Le prix du ciment doit être soumis au contrôle du ministère
Parlant de la notification des prix et des lois qui régissent le secteur commercial au Congo, le directeur de cabinet du ministre du commerce et des approvisionnements, André Kamba a précisé qu’en matière des prix, il y a certains nombre de produits dont les prix sont homologués et d’autres non. Concernant le ciment, a-t-il rappelé, en dépit du décret N°2007/152 du 12 février 2007, signé par le président de la République et qui autorise la libéralisation de l’importation et du prix du ciment au Congo, son prix doit toujours être soumis au contrôle du ministère en charge du commerce.
« Nous devrions rester vigilent afin d’éviter l’inflation. Notre objectif est de voir le prix du ciment descendre même à 4000 FCFA le sac », a souligné, le directeur de cabinet.
Les prix imposés par le ministère à la Sonocc découlent d’un consensus
Justifiant leur décision de baisser le prix du ciment, André Kamba a précisé que l’homologation des prix ne se fait pas au hasard. Elle se fait sur la base des charges de production en tenant compte du niveau des marges accordées par l’Etat pour proposer aux producteurs le niveau maximum du prix de vente.
« C’est le cas de la Sonocc avec qui nous avions travaillé ensemble à Loutété et de commun accord élaboré les données consensuelles de prix, intitulées structure des prix du ciment Sonocc », argumente André Kamba.
D’après ces données issues d’une enquête, la tonne du ciment que produit la Sonocc devrait désormais coûter 91.000 FCFA au lieu de 105.000 FCFA comme avant et le sac à 4.900 FCFA.
« La Sonocc nous avait écrit pour solliciter l’augmentation du prix de son ciment à 125.000 FCFA. On s’est accordé avec eux afin qu’une équipe technique soit envoyée à Loutété pour regarder toutes leurs charges et établir le niveau de charge pour fixer le prix. Pour nous, ce qui est important c’est le prix sur le marché et non à l’usine », nous a-t-il confié tout en notant qu’après les résultats de cette commission, il a été conclu qu’il sera inséré au prix du ciment, le coût du transport par CFCO de Loutété à Brazzaville, les taux de TVA et la CA.

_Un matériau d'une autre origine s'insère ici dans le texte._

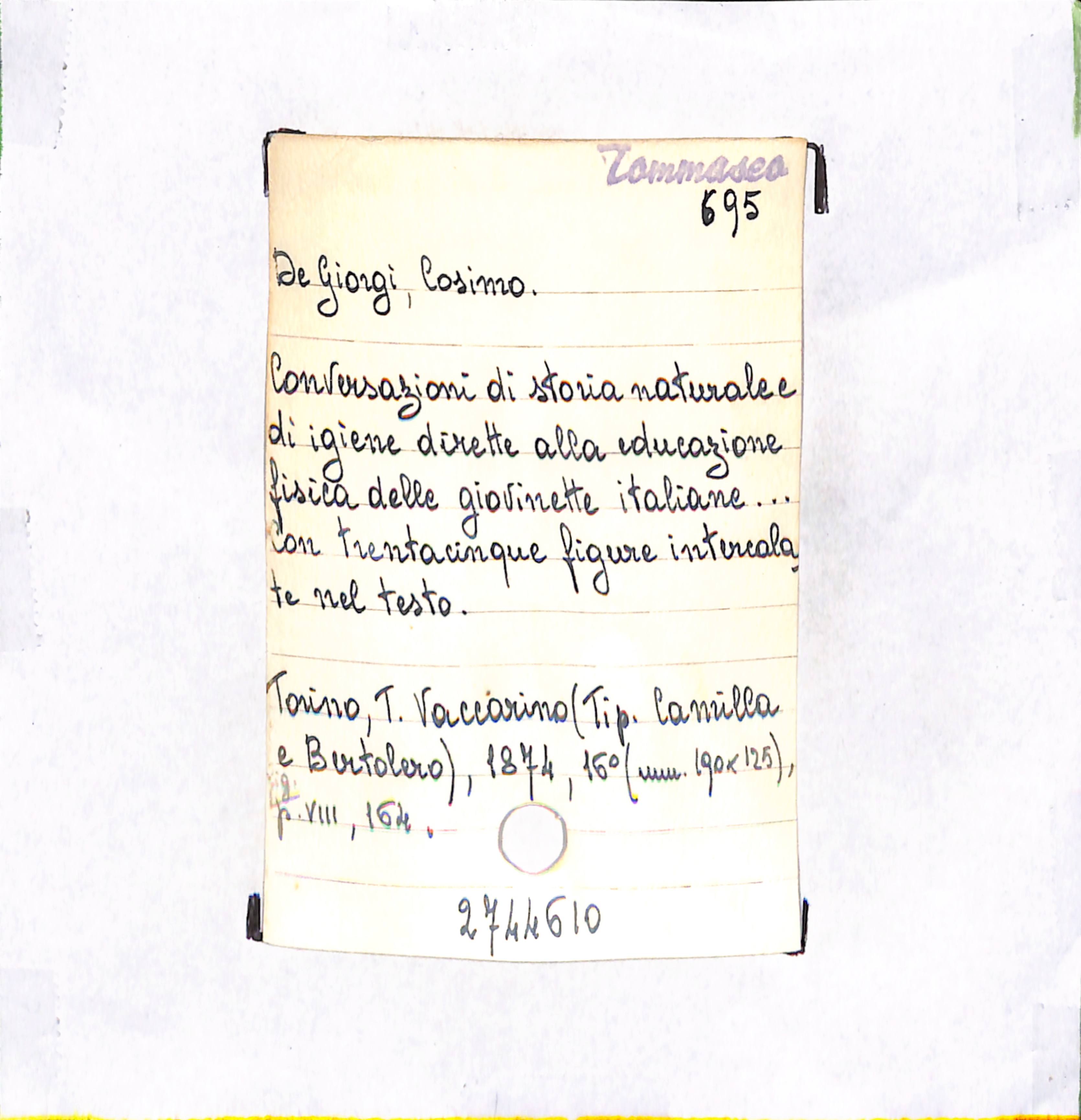 U.D. monografia Conversazioni di storia naturale e di igiene dirette alla educazione fisica delle giovinette italiane…

Conformément à l’actuelle loi des finances, le ciment n’est plus un produit de première nécessité, mais un produit de large consommation et doit être taxé à un taux réduit de 5% qui ne sera d’ailleurs pas payé par la Sonocc mais par les consommateurs.
« Nous ne sommes pas contre les entreprises. Elles sont nos partenaires mais notre rôle c’est de défendre à la fois les intérêts des partenaires et des consommateurs. Notre souhait est que la Sonocc vive, produit pour l’intérêt des congolais et que la population soit satisfaite de leurs prix pour ne pas voir leur pouvoir d’achat subir une érosion exagérée et sans raison», a fait savoir André Kamba.

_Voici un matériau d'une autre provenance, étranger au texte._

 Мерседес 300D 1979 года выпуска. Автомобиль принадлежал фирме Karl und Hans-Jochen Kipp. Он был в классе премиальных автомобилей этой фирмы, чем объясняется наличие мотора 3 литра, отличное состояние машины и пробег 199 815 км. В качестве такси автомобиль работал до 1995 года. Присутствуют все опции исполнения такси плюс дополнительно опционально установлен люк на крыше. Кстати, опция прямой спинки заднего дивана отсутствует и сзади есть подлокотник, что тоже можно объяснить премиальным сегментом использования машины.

Toutefois, abordant la question sur l’homologation des prix du ciment, il a précisé qu’au Congo, il y a deux types de ciment : le ciment importé, plus précisément celui qui arrive de Pointe-Noire et celui produit par la Sonocc. Tout ciment importé est obligatoirement homologué quand il arrive au Congo. À Pointe- Noire, ce type de ciment est vendu à 73.000 FCFA la tonne, mais lorsqu’il est transporté à Brazzaville, il coûte le même prix que celui de la Sonocc, notamment 105.000 FCFA. « Nous avions dit à tous les importateurs que malgré les dépenses qu’ils font, tous les prix du ciment doivent être alignés au prix de la Sonocc. Parce que, nous ne voulons pas avoir plusieurs prix sur le marché, ce qui poserait des difficultés dans le contrôle des prix », a conclu André Kamba.